The
anode electrochemical performance of lithium-ion batteries
(LIBs) depends mainly on the structural stability of the electrode
material and its conductivity, and its energy storage mechanism is
mainly derived from the Faraday charge transfer that occurs around
the electrode surface and the Faraday pseudocapacitance. Due to the
high theoretical specific capacity of transition metal sulfides (TMS)

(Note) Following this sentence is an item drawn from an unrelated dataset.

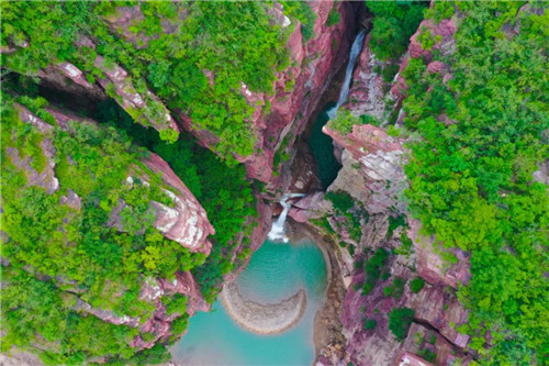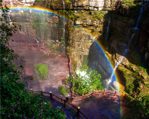 紅色的崖壁、碧綠的湖水、白練的瀑布、彩潭奇石,群瀑爭(zhēng)寵,各展英姿。
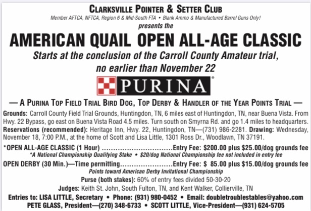 The American Quail Classic Open All-Age and Derby Trial will start at the conclusion of the Carroll Co. FTC Amateur Trial. The drawing will be held Wednesday, Nov. 18th, contact Lisa Little with your entries

and the mechanical stability and high conductivity of carbon cloth
(CC), the strategy of growing TMS in situ in CC can simultaneously
improve reversibility, structural stability, and conductivity. In
this work, hierarchical 3D-Zn-ZIF-on-2D-Co-ZIF precursors are grown
in situ on CC by a strategy called MOF-on-MOF, and the ZnS/CoS2/CC stable framework is obtained by sulfuration. The interfacial
electron transfer mechanism was explored by ultraviolet photoelectron
spectroscopy, and the synergistic interaction between ZnS and CoS2 in ZnS/CoS2/CC was further elaborated. Specifically,
the work functions of ZnS and CoS2 are 15.9 and 16.6 eV,
respectively, and the corresponding Fermi energy levels are 5.32 eV
for ZnS and 4.62 eV for CoS2. Therefore, after doping with
ZnS, electrons will be transferred and enriched from the ZnS surface
to the CoS2 surface to accelerate the reduction process
of CoS2, and this plays such a decisive part during the
electrochemical reaction. Thereby, the charge enrichment and rapid
transfer at the ZnS/CoS2/CC interface facilitates the Faraday
reaction. As a result, ZnS/CoS2/CC exhibits an outstanding
electrochemical performance as an anode material for LIBs, with a
capacity of up to 1644.7 mA h g–1 after 160 cycles
at a high current density of 1 A g–1.